The country has two coal fired power stations namely; Morupule A, which is under care-and-maintenance and the struggling 600MW Morupule B.

PPADB said in state owned Daily News that it has “approved” the tender number PR 10/1/3/14-4 as per the request from procuring ministry of Minerals, Energy and Water Resources.

The request was in relation to the recommendation to award the tender for consultancy services (owners engineer) for the development of a 300MW Coal Fired Power Station (Greenfield) in Botswana in respect of Aurecom Pty at a cost of BWP 52, 000,591.23.

Equally, the PPADB approved a request by the ministry for clarification on proposed fees from Worley Parsons Resources & Energy/ Knight Piesold Consulting Joint Venture (JV), regarding the consultancy services (owners engineer) for the expansion project at Morupule Power Station Units 5 & 6 (Brownfield) Phase 3.

The Owner’s Engineer will overlook the addition of 2 more units at Morupule namely Units 5 and 6 (Brownfield).

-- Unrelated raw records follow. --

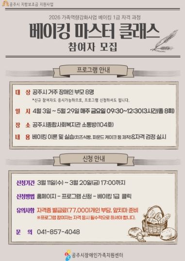 뉴한국방송뉴스통신사 신태공 기자 | 공주시장애인가족지원센터(센터장 이영식)는 오는 3월 20일까지 장애인 부모를 대상으로 베이킹 1급 자격 과정인 ‘베이킹 마스터 클래스’ 참여자를 모집한다고 밝혔다.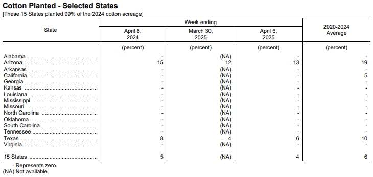 據(jù)美國農(nóng)業(yè)部網(wǎng)站消息,美國農(nóng)業(yè)部(USDA)在每周作物生長報告中公布稱,截至4月6日當(dāng)周,美棉種植率為4%,去年同期為5%,五年均值為6%。
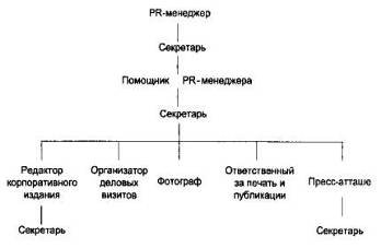 В зависимости от сочетания указанных факторов отдел паблик рилейшнз может состоять лишь из PR-менеджера и секретаря, но может иметь и большую численность и включать помощников менеджера, таких, как пресс-атташе, редактор внутрифирменного издания, дизайнер по печати, фотограф и т.д. Возможная структура PR-отдела большой компании показана на рисунке: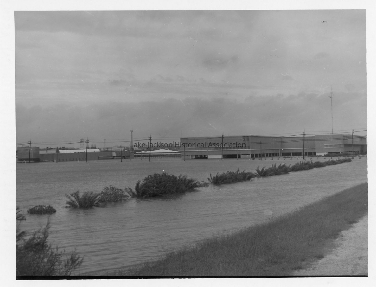 Black and white photo of the A. P. Beutel at Dow after hurricane Carla.Collection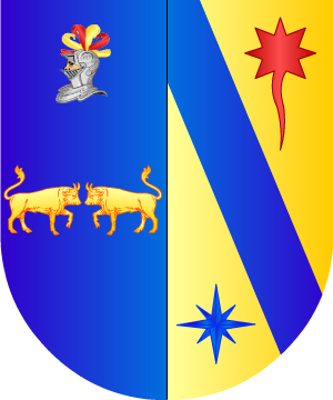 de oro, saliente del flanco siniestro en una nube, un brazo vestido de azur,
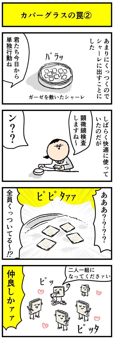 2021年03月03日 カバーグラスにありがちな罠② アロ~ハ☆今日も元気なデルぽんで~す☆顕微鏡検査に使うカバーグラスが、取りだすとき2枚重なりがち!その対策をしてみた結果・・・?!前回からの続き!どうぞー!!チクショウ・・・全員仲良しか・・・・・・OTLシャーレに平置き作戦、ちょっといいかと思いきや、謎の力 カテゴリ: デルマンガ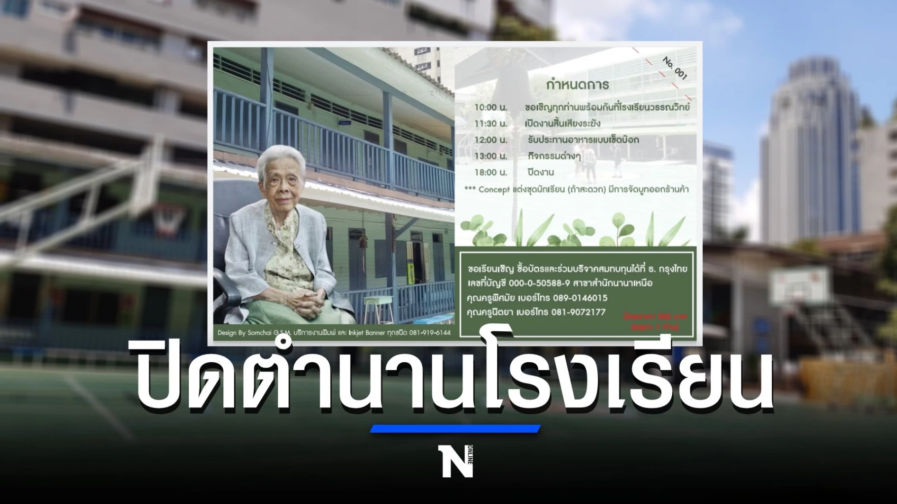 “พบกันอีกสักครั้งหนึ่ง เราจะคิดถึงกันตลอดไปนะคะ เรียนเชิญทั้งศิษย์เก่า หรือที่ไม่ใช่ศิษย์เก่าก็มาได้ค่ะ ปฏิบัติตามมาตรการป้องกันโรคโควิด แล้วมาพบกันที่โรงเรียนวรรณวิทย์ ใครไม่สะดวกสามารถสมทบทุน เพื่อส่งมอบให้คุณครูแทนคำขอบคุณครั้งสุดท้าย”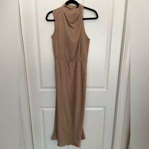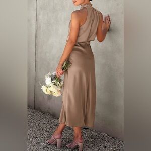 Step out in style with this chic brown maxi dress. Its sleeveless design and elegant drape make it a versatile choice for any event.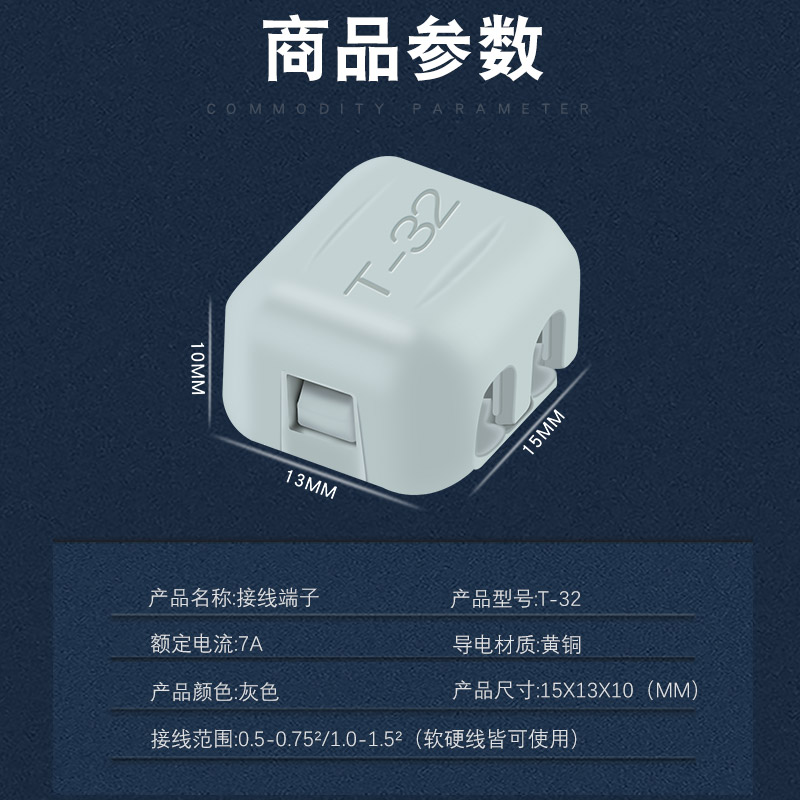 Meme-type T-break free wire Quick wiring Terminal Junction Clip Wire Instrumental Current 7a 7a 0 75-1 5 Squared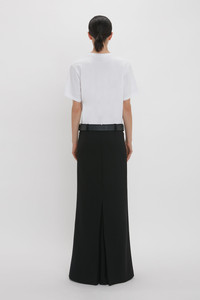 Luxury T-shirts are a house signature. Cut from 100% organic cotton for a tactile finish, this Victoria Tee embraces the brand’s signature relaxed but polished silhouette. Presented in crisp White, it is an elevated wardrobe essential. Styled with the Floor-Length Box Pleat Skirt In Black & Jumbo Frame Belt Product Details - Organic cotton fabrication - Classic Victoria fit - VB branding on sleeve - Fits true to size, take your regular size - The model height is 178cm and is wearing a size S - 100% Organic Cotton - Machine wash at 30C - Made In Portugal

The complex currently has 6 units after the addition of 4 units at Morupule B, which is still struggling to work at full capacity. Morupule A remains under care and maintenance and estimates have shown it would need over P1.4 billion to be brought to life.

The troubled Morupule B cost P11 billion and media reports have indicated that the second phase of the project would cost P8 billion, which will also include the refurbishment of Morupule A that was estimated could cost P1.4 billion.

The brownfield project consists of extending the existing power station by designing, financing, constructing, owning, operating and maintaining a 2 x 150MW coal fired power plant to be built at the pithead of Morupule Coal Mine.

The award of owners engineer contract will be followed by the naming of the winner of the 300MW greenfield coal fired power station contractor to an independent power producer (IPP).

Kitso Mokaila, the minister of Minerals, Energy and Water Resources, stated that two bidders remain and that PPADB will name the winner of the tender soon.

“I am happy to share with you that the ministry is making good progress towards awarding of 300MW power project to an Independent Power Producer (IPP),” Mokaila said at the Connecting Resources and Society conference held in Gaborone from 23 – 24 November 2015.

Mokaila added that the refurbishment and rehabilitation of Morupule A and B power stations has commenced to improve its availability and reliability to ensure security of power for the country. Morupule A is hoped would produce 114MW into the grid while Morupule B has 4 units each producing 150MW or 600MW combined.

The 27 year old Morupule A has not been maintained for a long time which forced government to put it under care and maintenance programme—but government was forced to revive the plant following the failure of the multibillion pula Morupule B power station.

“I hope PPADB would make a decision by Thursday next week,” he said, adding that he expects Morupule A to come on stream by the end of 2016.

Botswana needs around 600MW of power and would export the rest to the region where electricity is slowly becoming a luxury.

“So, we should be net exporter by 2018”. Botswana sits on 212 billion tones of estimated coal reserves with a number of exploration companies sitting on the sidelines awaiting government’s pronouncement on the IPP policy that would help monetise most of the resources.

Most of the explorers are now forging partnerships with South African energy companies in a bid to be considered for the South African Coal Base Load IPP programme. Already, a company like Shumba Energy has an agreement in place with Mulilo Renewable Project Developments (Pty) Ltd to jointly develop of the Mabesekwa Export Independent Power Plant (MEIPP) at the Mabesekwa Coal Project.